BTW Peter I recently spent 3 days (Wed-Fri) in downtown Portland at the end of May and there aren't bikes whipping around the Rose City Amsterdam

i'll say that i don't think the number of bikes you saw is actually relevant, but it's interesting you mention Portland. lots of the bikers there are not so happy with spending gajillions of dollars on mass transit when the bike scene there continues to explode with virtually no money, relatively-speaking. if we're talking about limited resources and spending our money wisely and all that type of stuff, there seems to be a clear path to success -- spend as much of your money as you can on walk and bike infrastructure.

They've got alot of one way streets downtown and in the Pearl district and do alot of the bicycle and transit solutions by pairing parallel streets.

true. and, again, bike advocates there are not necessarily happy campers with having rails to contend with on streets that they'd like to ride on. there are ways to mitigate the risk of rails (put them in the middle lanes -- leaving outside lanes to bikers, or using rubber flanges to keep bike tires from getting stuck in the rails, etc.), but in the end, rails are just dangerous to bikers. sf streetsblog just posted about this yesterday, i think.

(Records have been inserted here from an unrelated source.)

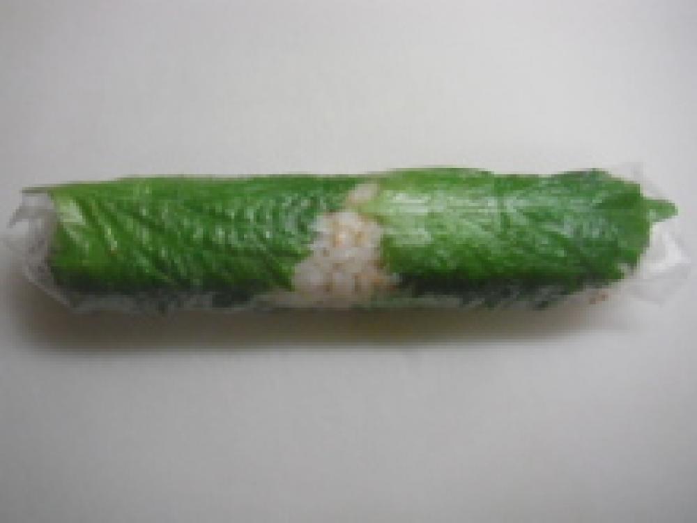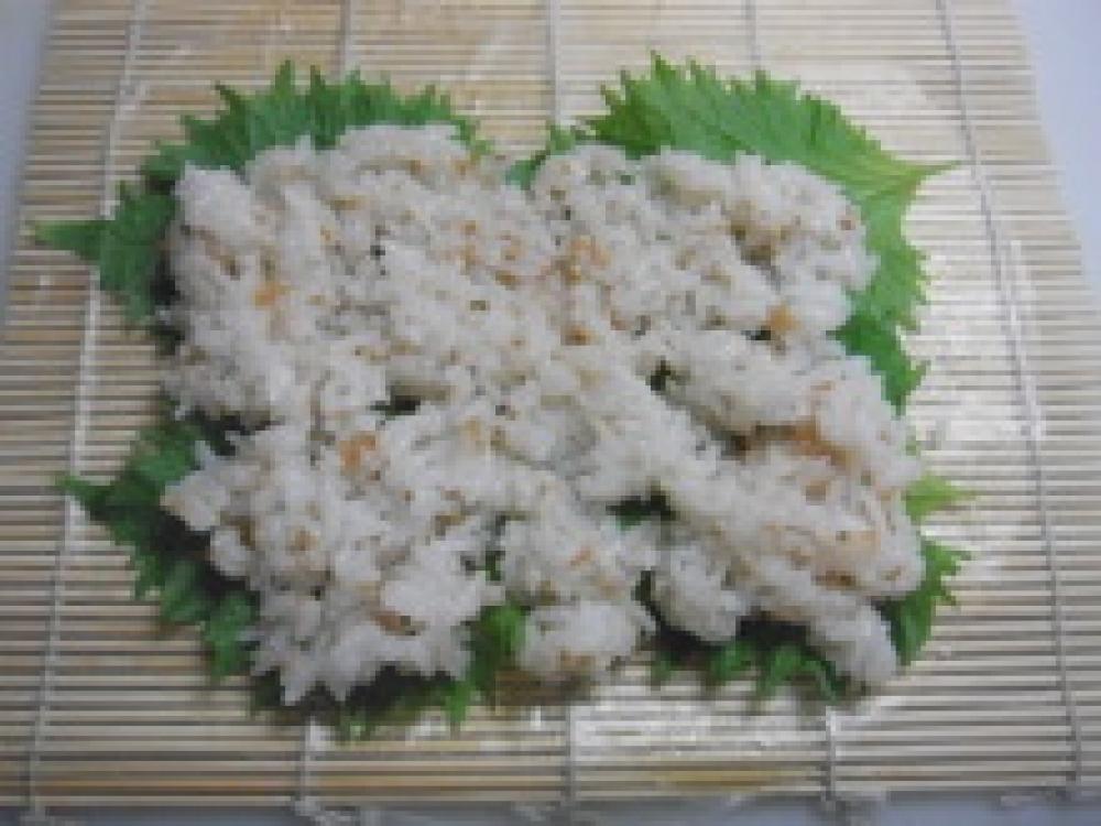 ![]() 2の上に青しそを裏面が上になるように置き、4枚並べる。
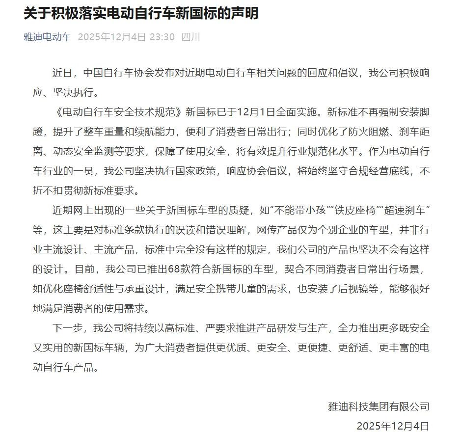 爱玛科技集团始终将用户安全与产品合规置于首位。我们全面拥护2025年电动自行车新国标的实施,并已提前完成全系产品的技术升级与生产切换。作为电动自行车行业的一员,我公司坚决执行国家政策,响应协会倡议,将始终坚守合规经营底线,不折不扣贯彻新标准要求。
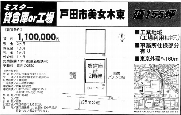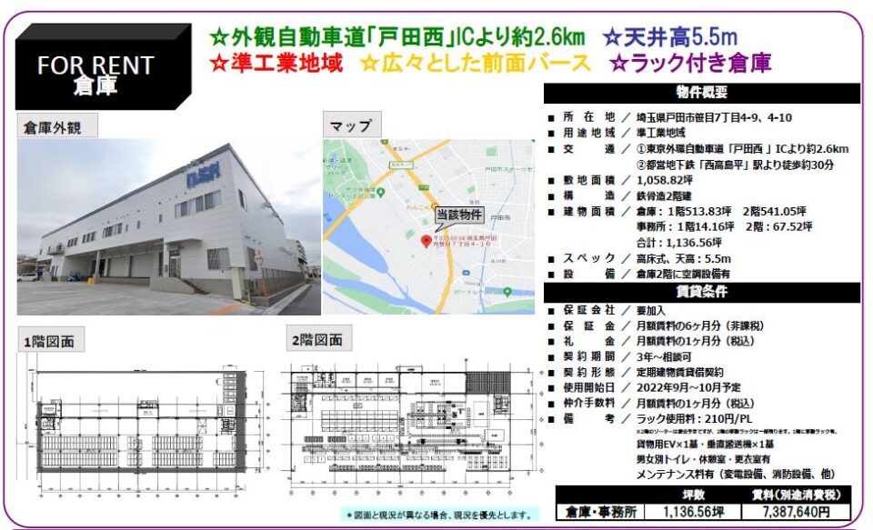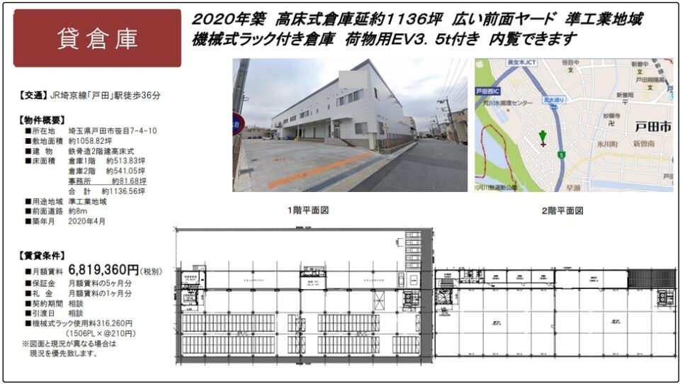 所在地 埼玉県戸田市 美女木東2丁目5-1  美女木東847坪貸倉庫

to me, the answer here is simple -- every. single. street. and road in the District and in America should have full walk and bike access -- period. no exceptions. and this should remain particularly true for the most major corridors in the city -- meaning K Street, all major roads and avenues, etc. and it should even be true for highways (Aiken/North Augusta, South Carolina is putting the finishing touches on a highway extension with an Amsterdam-like segregated/separated multi-use path beside it for about 5 miles worth, if rumors are to be believed).